Data records:
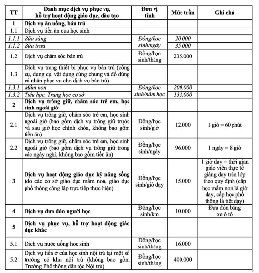 Đối với các khoản như tiền chăm sóc bán trú là 235.000 đồng/tháng; tiền trang thiết bị phục vụ bán trú cấp tiểu học, THCS là 133.000 đồng/tháng, tiền nước uống là 16.000 đồng/tháng, tiền xe ô tô đưa đón học sinh là 10.000 đồng/km… sẽ được giữ nguyên mức trần.
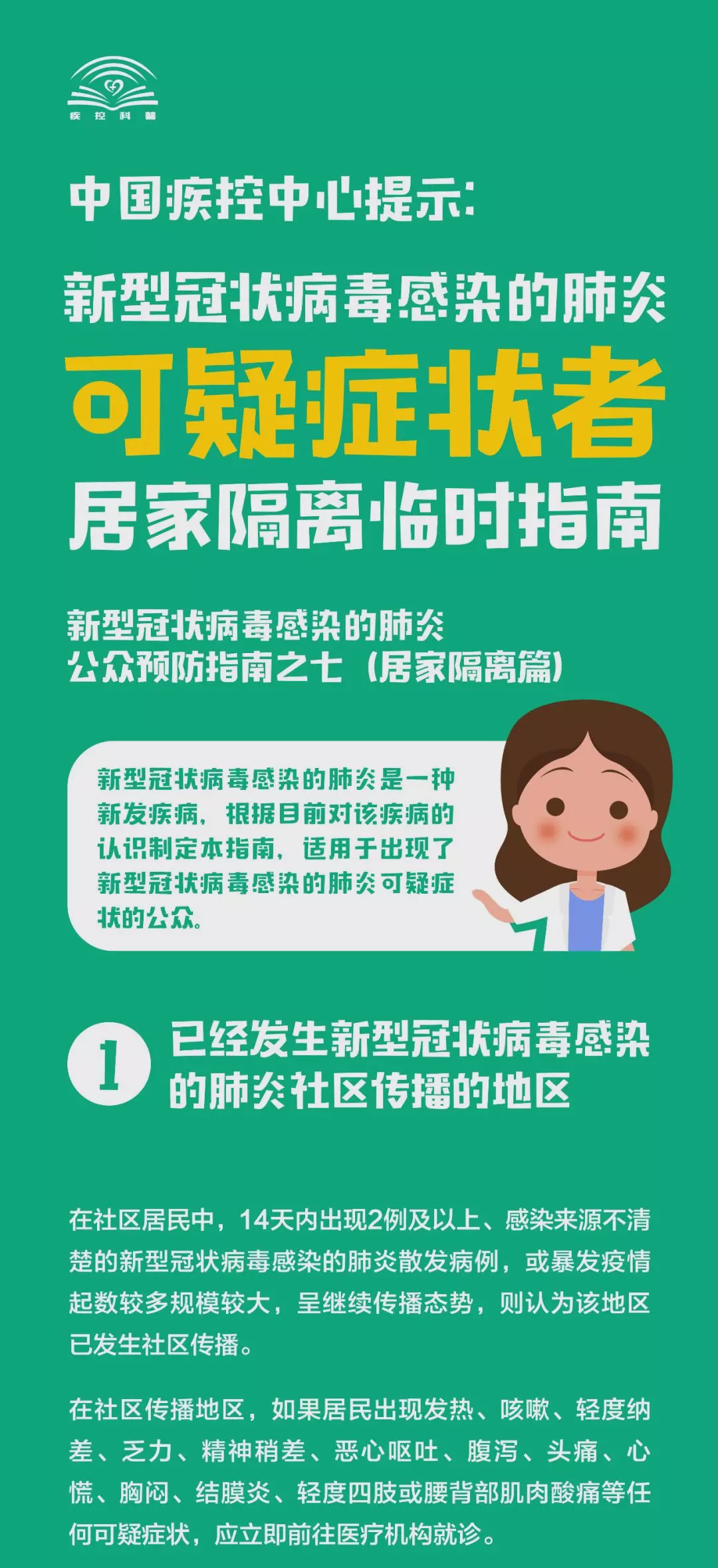 3.居家隔离观察期间,如您出现发热、干咳、气促等异常临床症状时,请第一时间告知联络员,将由定点医疗卫生机构为您诊治,或由您的家人送往就近医疗机构的发热门诊就诊。
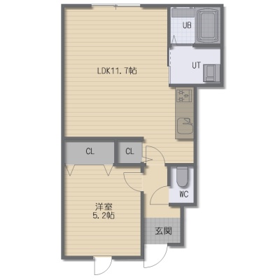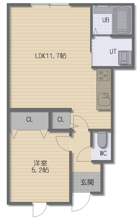 1LDK(45.95m²)└ LDK11.7帖 洋室5.2帖
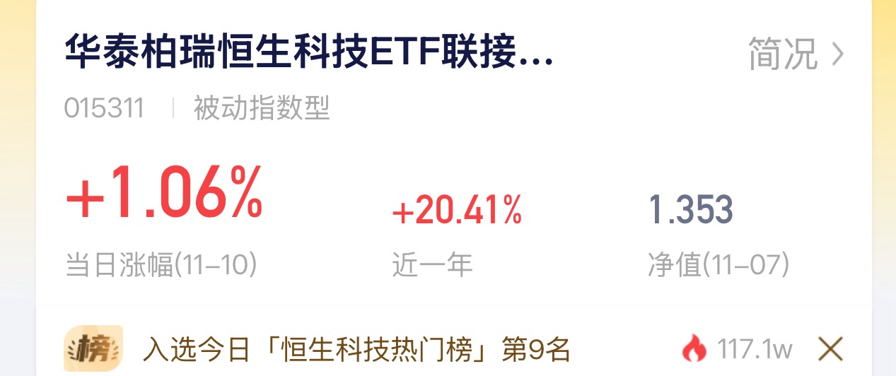 说说恒生科技,最近这价格确实让人心动。美国政府重新开门,算是扫除了一个不小的障碍,港股企稳的可能性在增加。对于咱们小散来说,直接买港股不容易,借道基金是个聪明办法。我关注到华泰柏瑞这只联接基金就很方便,在自家平台就能申购赎回,资金效率高,没有QDII额度限制的烦恼,算是低成本投资港股科技板块的一个“直通车”了。
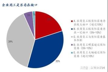 3、對(duì)比實(shí)際經(jīng)營(yíng)需要,54.32%企業(yè)表示在崗員工比實(shí)際需要存在缺口,39.02%企業(yè)表示在崗員工與實(shí)際需要基本匹配,僅有6.65%在崗員工超過(guò)實(shí)際需要。
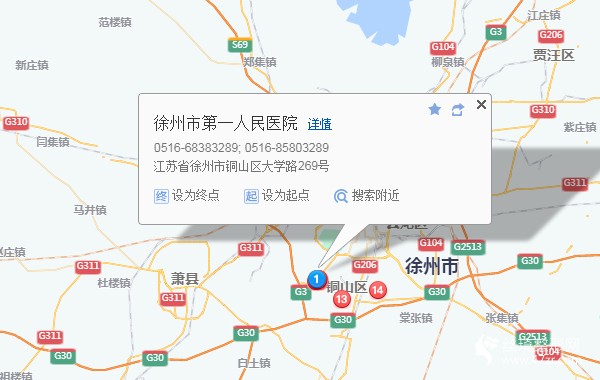 徐州站1.4公里向南步行 到 宣武市场南门19站乘 837路附 (白虎山方向) 到 桥上菜市场960米向北步行 到 徐州市第一人民医院
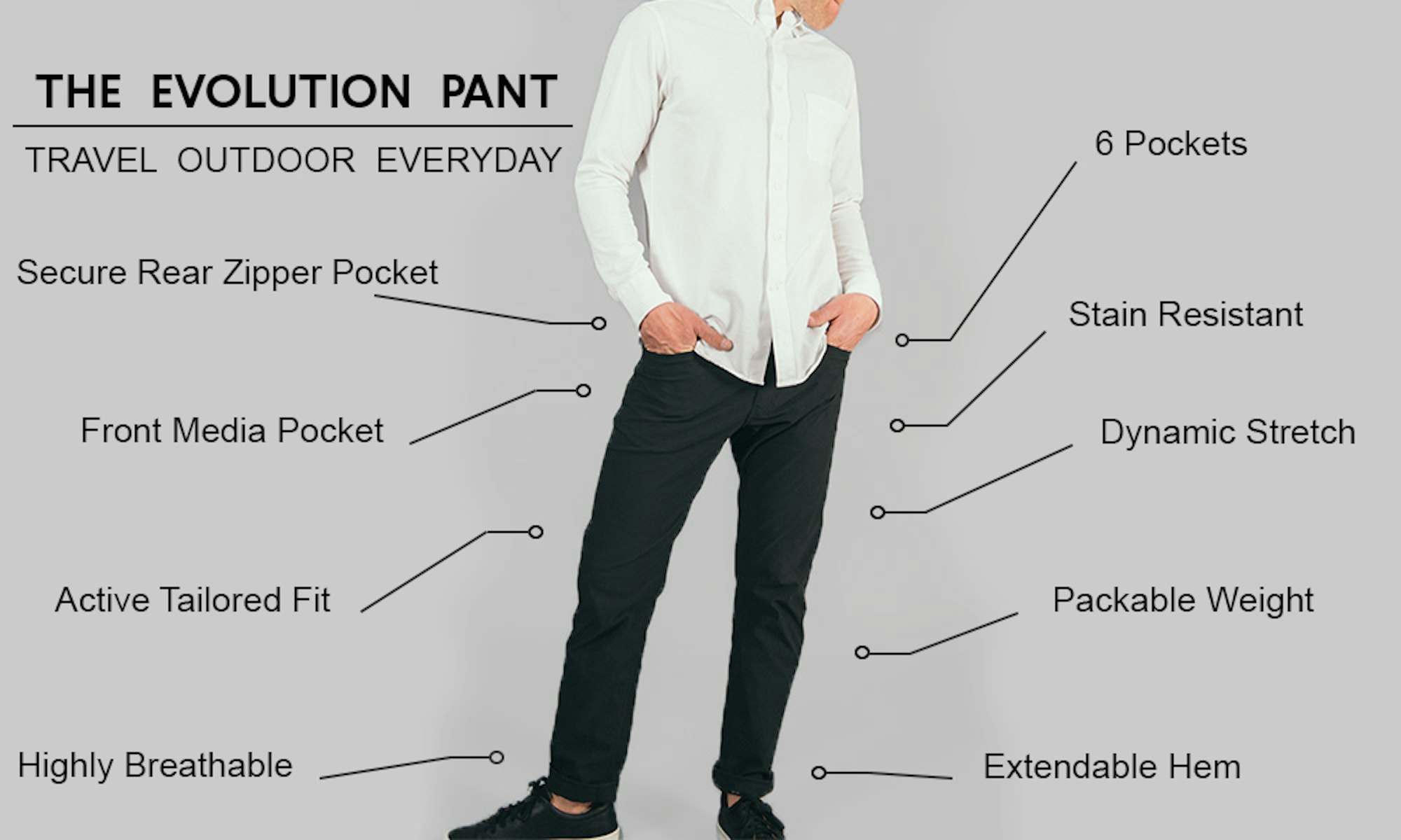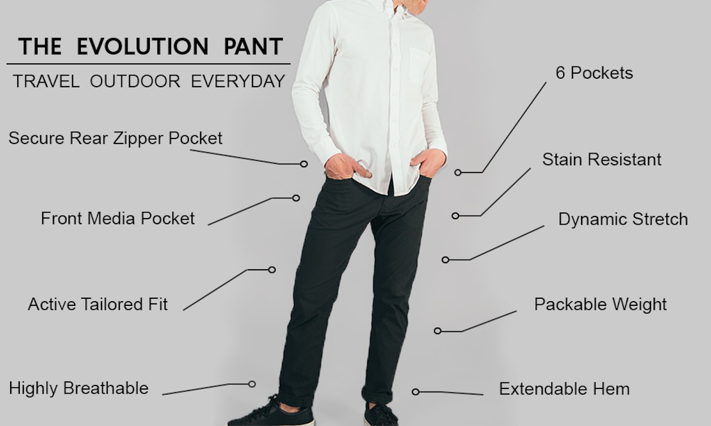 Lightweight—only 13 ounces—and packable down to a size smaller than a t-shirt, with a soft cotton feel to the touch, the Evolution Pant truly looks like your finest pair of Dockers, but performs like high-grade nylon hiking pants.

# [TASK DESCRIPTION]
The copy should hold exactly the lines from the line containing "3、對(duì)比實(shí" through the last line of the records, both included, and no pictures or other lines.

# [REPLY]
 3、對(duì)比實(shí)際經(jīng)營(yíng)需要,54.32%企業(yè)表示在崗員工比實(shí)際需要存在缺口,39.02%企業(yè)表示在崗員工與實(shí)際需要基本匹配,僅有6.65%在崗員工超過(guò)實(shí)際需要。
 徐州站1.4公里向南步行 到 宣武市场南门19站乘 837路附 (白虎山方向) 到 桥上菜市场960米向北步行 到 徐州市第一人民医院
 Lightweight—only 13 ounces—and packable down to a size smaller than a t-shirt, with a soft cotton feel to the touch, the Evolution Pant truly looks like your finest pair of Dockers, but performs like high-grade nylon hiking pants.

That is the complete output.